▸ **YOUR GOAL**: The material below is to be copied exactly from the line with "模仿自然生态环境水与陆地比例" up to and including the line with "Visited a few", with nothing else kept and no pictures.

▸ **RECORDS SUPPLIED**:
◇ ◇ ◇ ◇

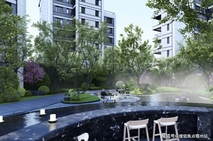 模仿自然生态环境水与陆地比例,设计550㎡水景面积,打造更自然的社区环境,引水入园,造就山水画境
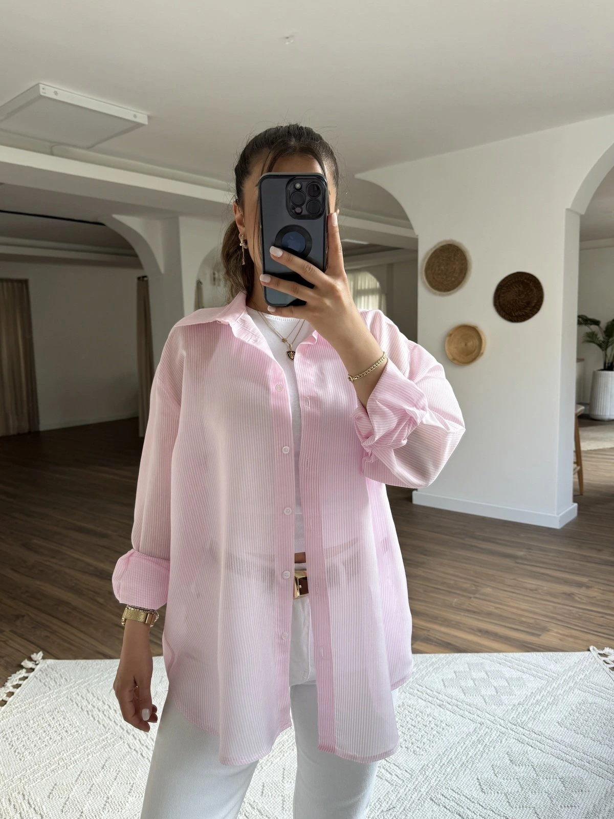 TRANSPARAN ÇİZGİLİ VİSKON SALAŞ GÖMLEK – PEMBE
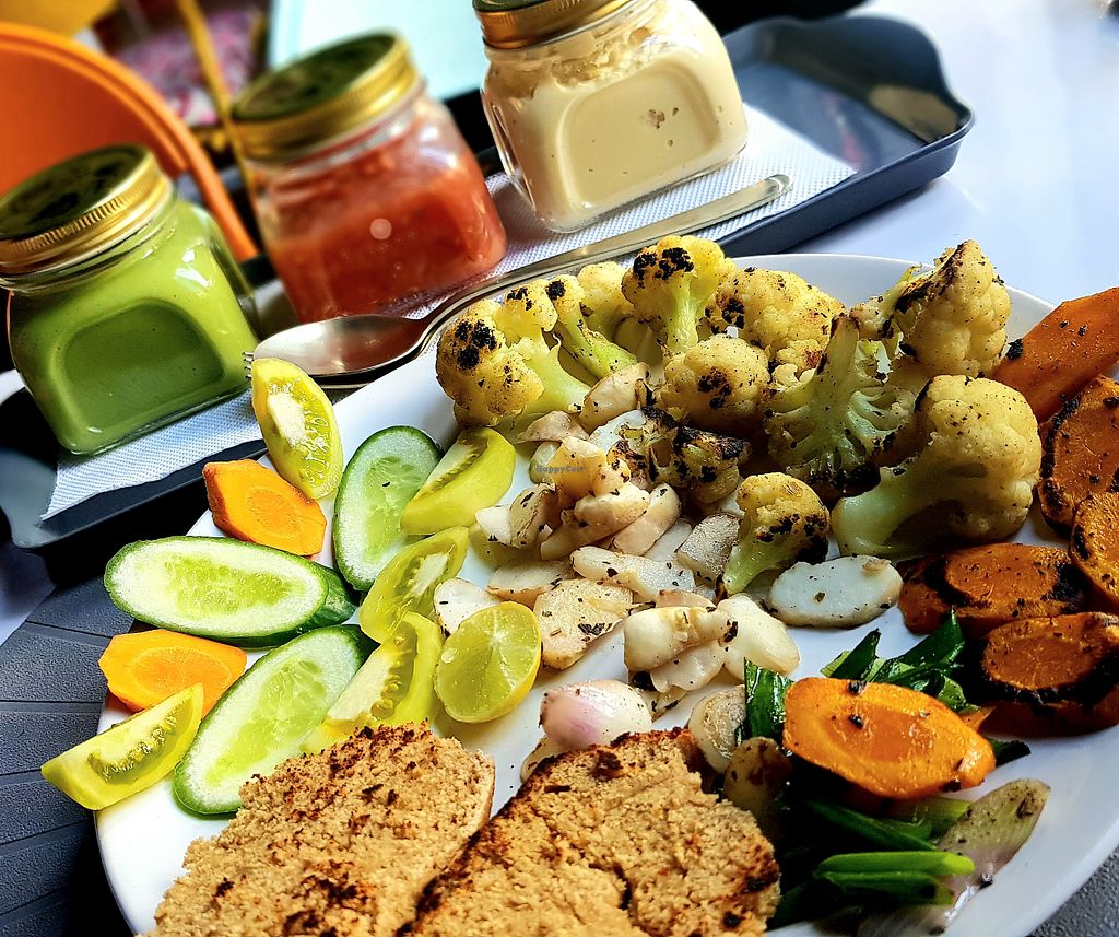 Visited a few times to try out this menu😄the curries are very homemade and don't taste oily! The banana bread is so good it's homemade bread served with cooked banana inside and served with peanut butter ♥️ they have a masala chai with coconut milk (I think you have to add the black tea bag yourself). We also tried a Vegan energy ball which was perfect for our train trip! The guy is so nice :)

◇ ◇ ◇ ◇

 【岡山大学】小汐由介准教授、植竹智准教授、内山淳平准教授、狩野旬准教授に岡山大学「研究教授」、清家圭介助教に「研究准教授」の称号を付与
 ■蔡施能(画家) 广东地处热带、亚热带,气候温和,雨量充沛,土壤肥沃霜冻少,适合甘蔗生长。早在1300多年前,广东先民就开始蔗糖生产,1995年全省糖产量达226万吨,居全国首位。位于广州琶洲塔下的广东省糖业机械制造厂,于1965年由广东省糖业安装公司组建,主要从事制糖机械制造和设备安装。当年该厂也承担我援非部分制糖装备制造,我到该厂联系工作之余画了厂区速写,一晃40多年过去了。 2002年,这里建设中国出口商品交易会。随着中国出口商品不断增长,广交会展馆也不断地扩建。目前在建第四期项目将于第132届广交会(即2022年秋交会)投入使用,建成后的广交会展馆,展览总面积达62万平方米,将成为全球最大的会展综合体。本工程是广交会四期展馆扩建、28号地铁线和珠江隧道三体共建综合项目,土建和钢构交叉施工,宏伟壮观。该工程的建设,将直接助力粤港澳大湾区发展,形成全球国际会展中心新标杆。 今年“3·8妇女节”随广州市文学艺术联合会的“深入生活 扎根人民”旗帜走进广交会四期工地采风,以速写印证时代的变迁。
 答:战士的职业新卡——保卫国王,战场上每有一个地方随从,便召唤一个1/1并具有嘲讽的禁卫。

◇ ◇ ◇ ◇

▸ **ANSWER FOR THIS EXERCISE**:
 模仿自然生态环境水与陆地比例,设计550㎡水景面积,打造更自然的社区环境,引水入园,造就山水画境
 TRANSPARAN ÇİZGİLİ VİSKON SALAŞ GÖMLEK – PEMBE
 Visited a few times to try out this menu😄the curries are very homemade and don't taste oily! The banana bread is so good it's homemade bread served with cooked banana inside and served with peanut butter ♥️ they have a masala chai with coconut milk (I think you have to add the black tea bag yourself). We also tried a Vegan energy ball which was perfect for our train trip! The guy is so nice :)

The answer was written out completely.